その引き金を引くのは誰だ「自治体要請で撃ったのに」銃を失ったハンター咆哮 曲がり角クマ対策
STVニュース北海道 / 2024年12月31日 9時55分
【動画】その引き金を引くのは…誰だ 自治体の要請で撃ったのに銃を失ったハンターの叫び クマ対策を真剣に考える
クマがマチに現れたら…最前線に立つのは、猟友会のハンターです。
しかし、自治体からの要請でクマを撃ち、銃を失ったハンターがいます。
引き金を引く責任は誰が負うのか。
2024年最後の日に…クマ対策のあり方を考えます。
「丸腰」パトロール 銃を失ったハンター
雪に覆われた、北海道砂川市の牧草地。
(猟友会砂川支部 池上治男支部長)「おーい、人が来るぞ!いなくなれよ!おーい!」
声をかける相手は、森に潜むクマ。
砂川市のハンター・池上治男さんです。
(猟友会砂川支部 池上治男支部長)「相手に注意喚起するために、人の声がいちばん効果がある」
マチに近づくクマがいないか、パトロールするのが朝の日課です。
これは2024年4月に根室市で撮影された映像。
山菜採りで山に入った軽トラックにクマが襲いかかる映像は、衝撃を与えました。
道内でのクマの目撃件数は2601件。
過去最多だった2023年より1448件減りましたが、人里に近づくクマは後を絶ちません。
(猟友会砂川支部 池上治男支部長)「これ丸いやつ全部ヒグマの足跡」
雪の上に残されていたのはクマの足跡。
見つけた痕跡をスマートフォンで記録します。
いつクマに遭遇してもおかしくありませんが、猟銃を持たず、丸腰で歩きます。
そのワケはー
(猟友会砂川支部 池上治男支部長)「こっちに下りてくる状態だったからだめだなと思って仕方なしに撃った。

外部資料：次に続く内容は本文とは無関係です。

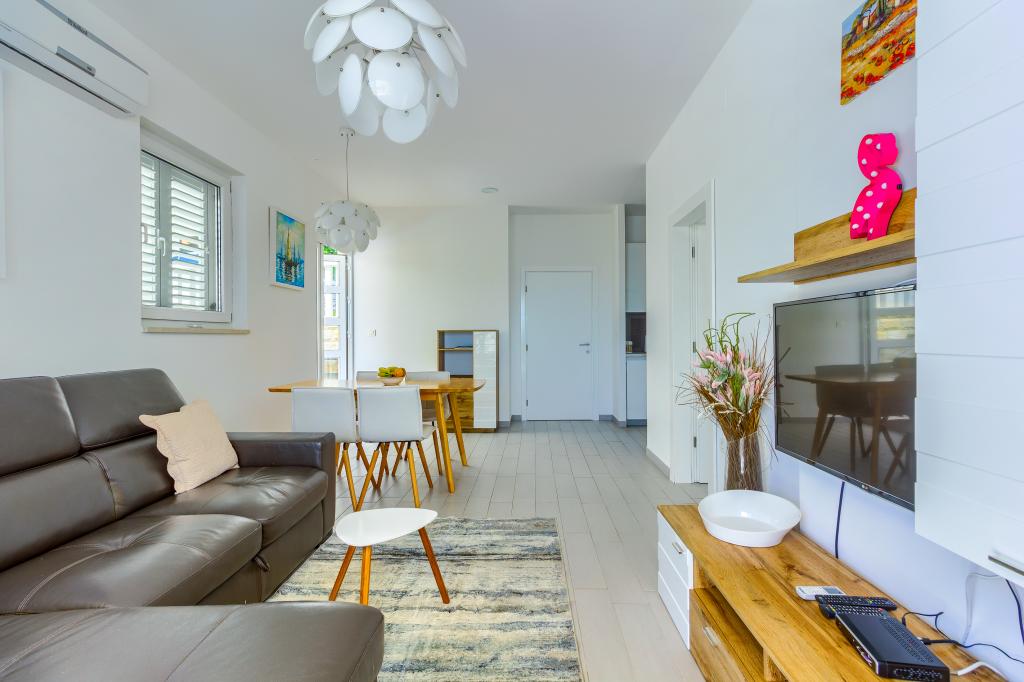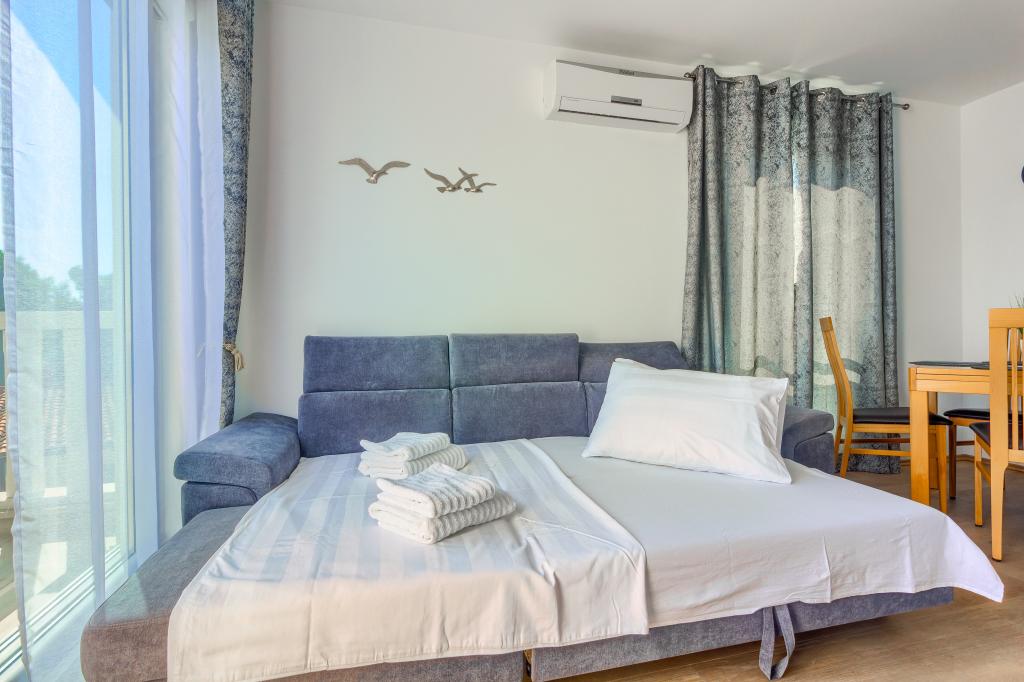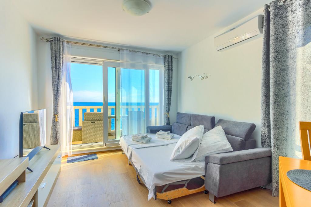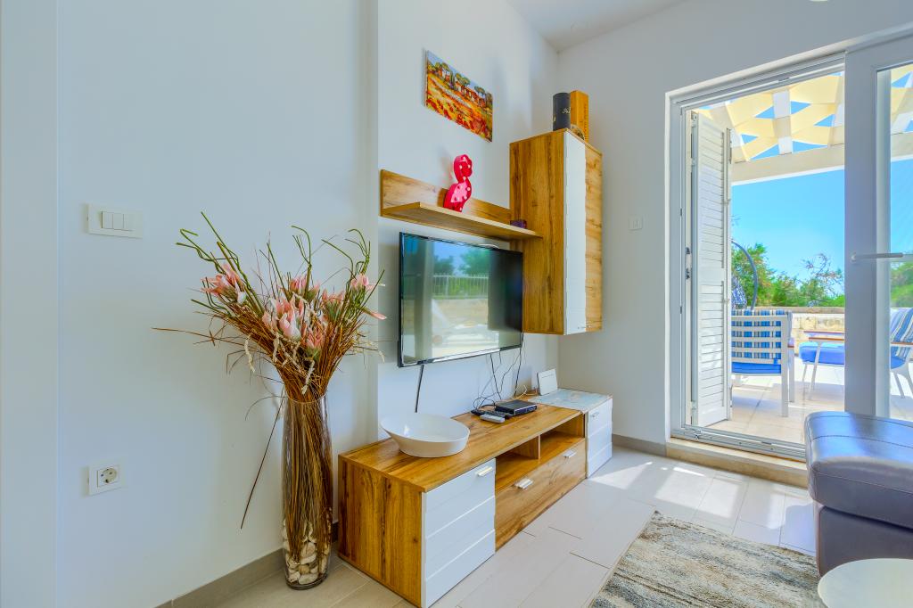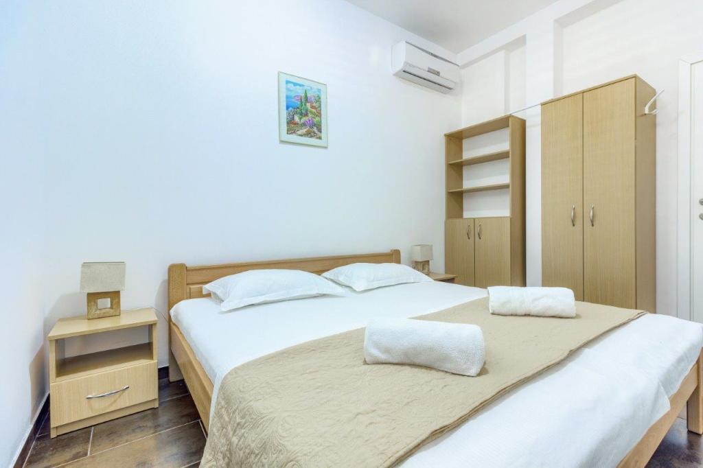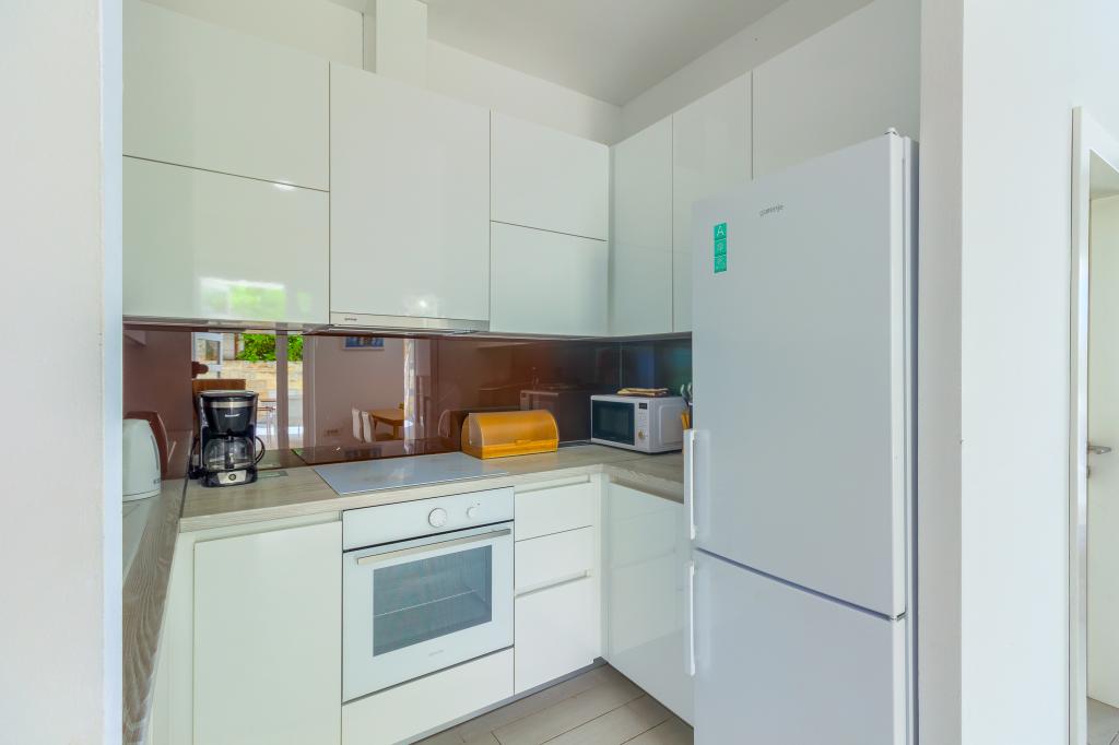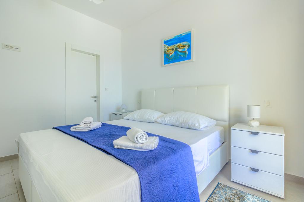 Nově postavené a moderně vybavené apartmány se nacházejí přímo u pláže v klidném městečku Ivan Dolac. Apartmány Unit 1 a Unit 6 jsou pro 4 osoby, skládají se z ložnice s manželskou postelí 160 x 200, koupelny se sprchovým koutem, kuchyně a jídelny a obývacího pokoje se SAT-TV a rozkládací pohovkou, a terasa s krásným výhledem na pláž, moře a ostrovy. Apartmány P1 a P2 jsou pro 8 osob, skládají se ze 3 ložnic a rozkládací pohovky v obývacím pokoji, 2 koupelen, plně vybavené kuchyně s myčkou, jídelny a jídelního stolu na velké terase vpředu s výhledem moře. Byt P2 má větší plochu než P1, protože má jednu celou ložnici a koupelnu o patro níže. Restaurace a kavárny jsou vzdálené pouhých 20 metrů a obchod 100 metrů od apartmánu. Přestože se dům nachází v samém centru tohoto malého turistického městečka, nabízí naprostý klid a soukromí, protože hosty jsou většinou rodiny s malými dětmi, které si užívají krásné pláže a křišťálově čisté moře.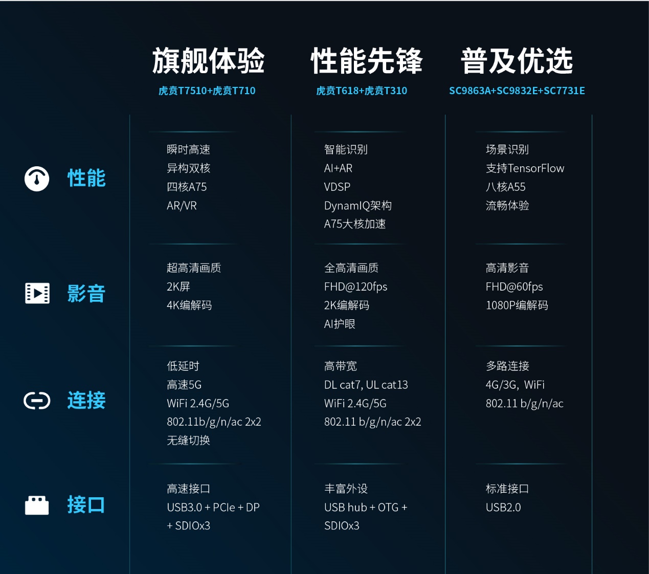 虎賁T7510 和虎賁T710致力打造旗艦體驗,充分利用虎賁7系列提供的高性能、低時延和無縫切換的連接能力,基于展銳影像引擎整體方案Vivimagic的4K編解碼技術,可提供更高畫質、更清晰細膩的影像細節,結合音頻處理技術,將帶來無比精彩的影音體驗。7系列提供了豐富的高速外設接口,多路數據并發Perfelink技術,提高數據的傳輸速率,為用戶帶來無感知的網絡切換。異構雙核架構NPU的采用,使AI算力大幅提升,為工業、商業、醫療、家居、教育等應用場景帶來智能化升級。

これで撃って一発で倒れた」
逆転敗訴に「もう誰もできない」猟友会憤怒
池上さんは2018年、市から依頼を受けクマを駆除。
しかし、周囲に人家があったことなどを理由に、銃の所持許可を取り消されました。
道に処分の撤回を求めた1審の札幌地裁では、池上さんの訴えを全面的に認める判決が言い渡されました。
しかし、2024年10月。
(高裁の判決)「周囲の建物に銃弾が到達する恐れがあった」
札幌高裁は1審判決を取り消し、池上さんは逆転敗訴しました。
判断が分かれたのは、銃弾が周囲に危険を及ぼす可能性があったかどうか。
札幌地裁は、銃弾はクマの体内にとどまった可能性が高いと判断。
さらに、背後にあった斜面が銃弾を受け止める「バックストップ」の役割を果たしていたとしました。
一方、札幌高裁はクマを貫通した弾丸が草や石に当たり、跳ね返った可能性があると指摘。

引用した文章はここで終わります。